• [Task to carry out] All of the data is to be printed exactly, though the images must be left off.

• [Source material]

>>>>>

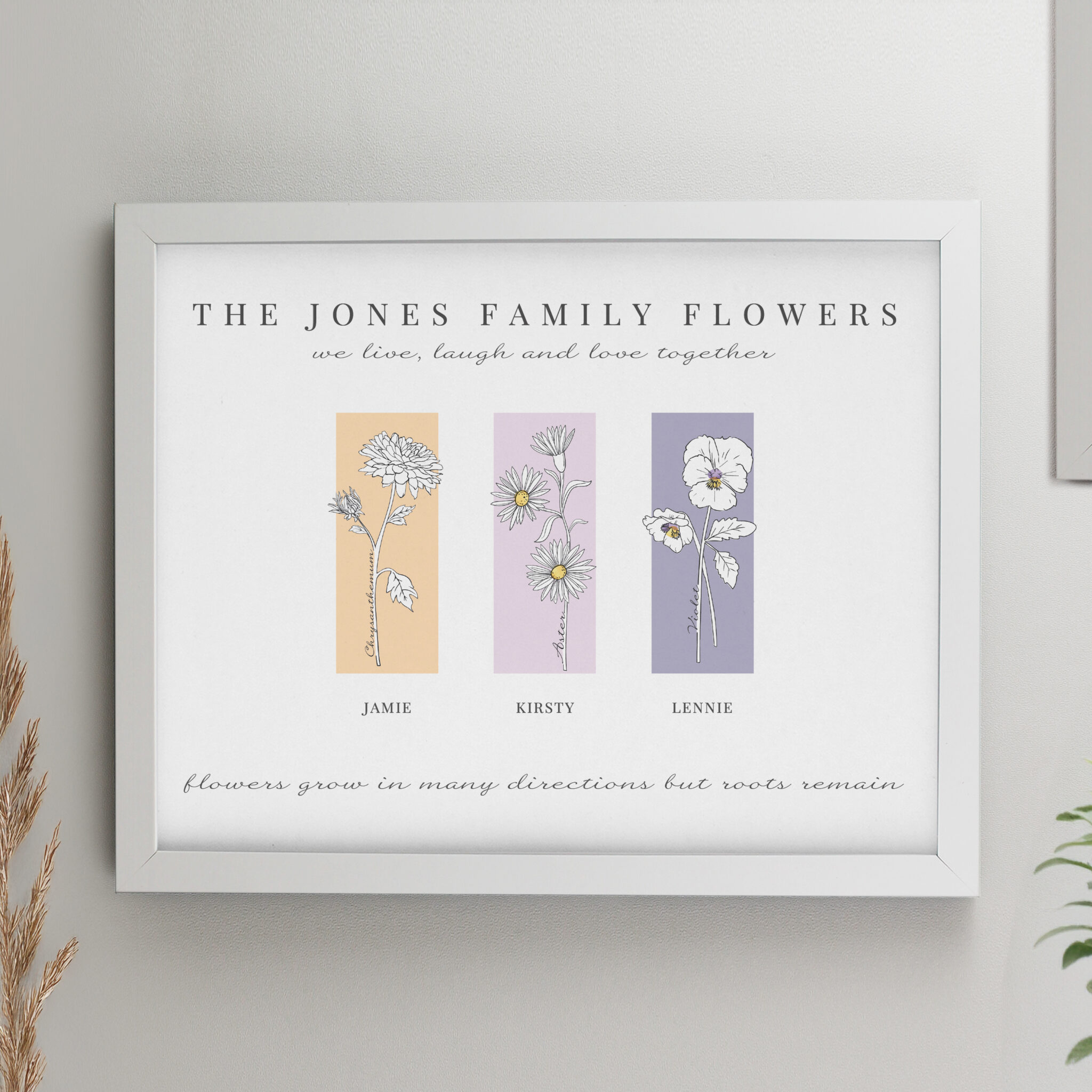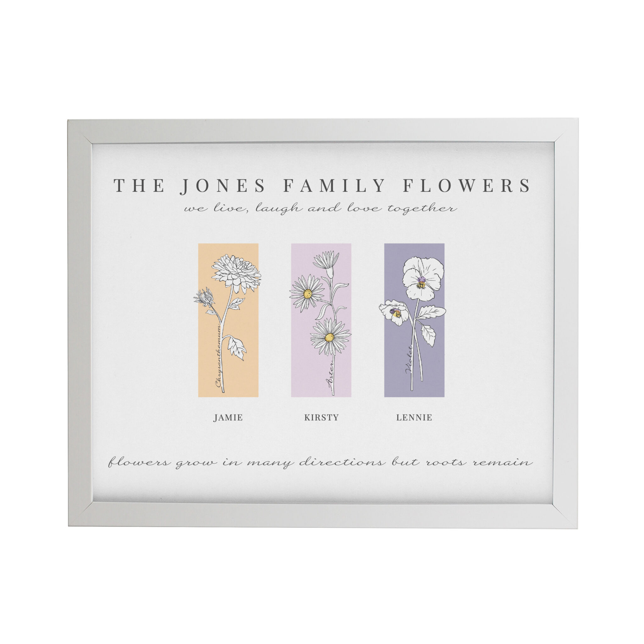 - This unique framed print can be personalised with 2 message lines along the top, 3 flowers below, each with a name underneath and finally a message underneath of up to 50 characters.
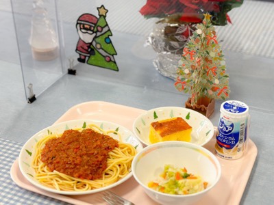 そして、今日は2学期最後の給食です。子どもたちの好きなスパゲティミートソースと、ケーキも付いていますね。
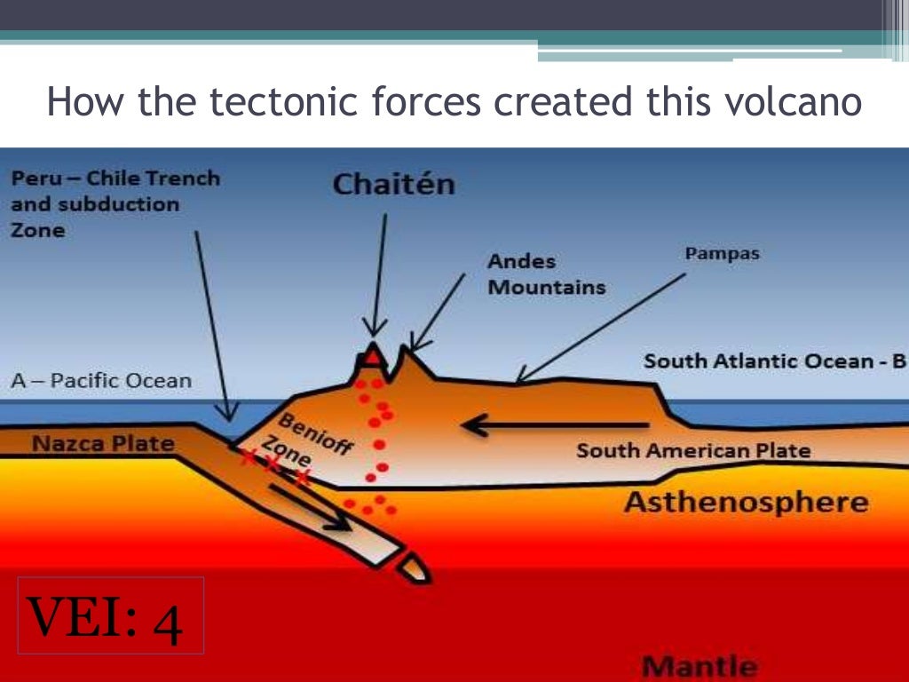 They have distinctive characteristics and can have both positive and negative effects on people and the landscape. Chaiten is a small volcano in western Chile in the Andes fold mountains. Beneath it is a destructive plate margin, where the Nazca plate subducts under the South American plate.

<<<<<

• [Response box]
 - This unique framed print can be personalised with 2 message lines along the top, 3 flowers below, each with a name underneath and finally a message underneath of up to 50 characters.
 そして、今日は2学期最後の給食です。子どもたちの好きなスパゲティミートソースと、ケーキも付いていますね。
 They have distinctive characteristics and can have both positive and negative effects on people and the landscape. Chaiten is a small volcano in western Chile in the Andes fold mountains. Beneath it is a destructive plate margin, where the Nazca plate subducts under the South American plate.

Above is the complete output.